Abstract
Over the past three decades, two neoliberal educational reform efforts have emerged in tandem – the charter school movement and Teach For America (TFA). This paper critically examines the relationship between these entities through the lens of TFA corps members placed in charter schools, and explores two types of schools described by interviewees, namely, ‘shit shows,’ and ‘like-minded schools.’ Grounded in corps members’ teaching experiences, this paper argues that even at its best, the close partnership between TFA and charters can create a mutually reinforcing educational subculture that is isolated from broader educational discourses and practices. At its worst, this partnership can result in the ill-advised ‘propping up’ of under-funded, mismanaged, ill-equipped charters that might otherwise struggle to find adequate staffing and, consequently, close. This paper suggests that these two tendencies – toward corps members’ insularity and poor placement – have the potential to conflict with the charter movement’s and TFA’s stated purposes of improving the quality of schooling for disadvantaged and marginalized students.
Notes
1. It is worth noting that the application numbers for TFA have declined in recent years (Brown Citation2016a), though it is impossible to know whether this is attributable to increasing public criticism of TFA, to an improved economy for university graduates, or other factors. Yet TFA continues to place a significant number of CMs each year, as well as to advance its domestic policy agenda through support for alumni to run for public office, and to expand its international agenda through the Teach For All constellation of TFA-like organizations.

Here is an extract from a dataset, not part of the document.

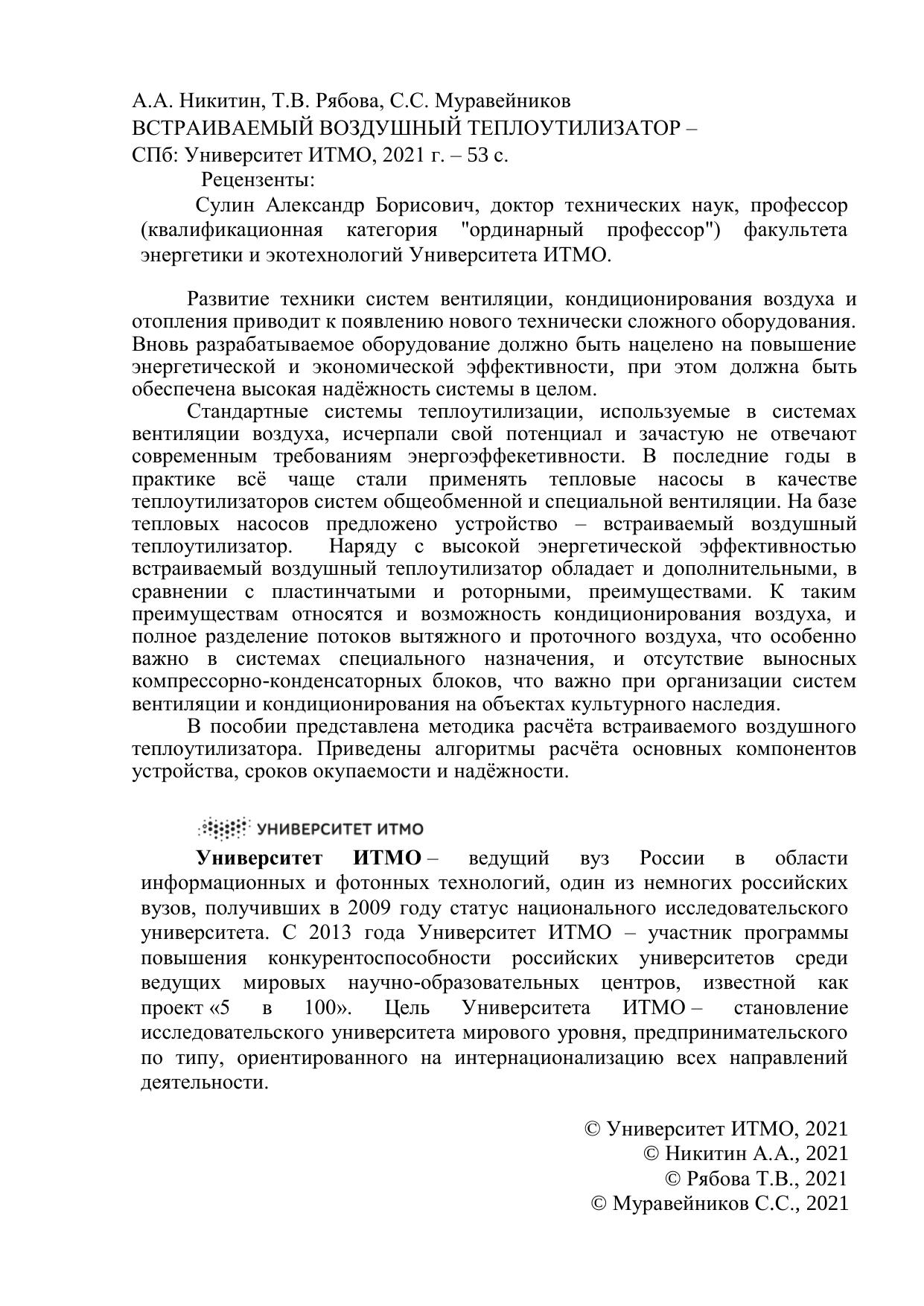 В пособии представлена методика расчёта встраиваемого воздушного теплоутилизатора. Приведены алгоритмы расчёта основных компонентов устройства, сроков окупаемости и надёжности.

2. Perhaps indicative of charter schools’ sharp movement away from their original conceptualization and toward privatization, the National Labor Relations Board recently ruled that charter schools function more like private corporations than public schools in terms of unionization (Brown Citation2016b).
3. While it is possible that this over-representation is somewhat accounted for by the fact that charter schools enroll a greater percentage of minority and low-income students than traditional public schools (U.S. Department of Education Citation2015), charter schools still only account for a small minority of all public elementary or secondary schools.
4. ‘Drinking the Kool-Aid’ was a common phrase among certain TFA cohorts in the study. They used this phrase to describe CMs who wholeheartedly supported the TFA philosophy and approach and were therefore relatively uncritical in their perspectives.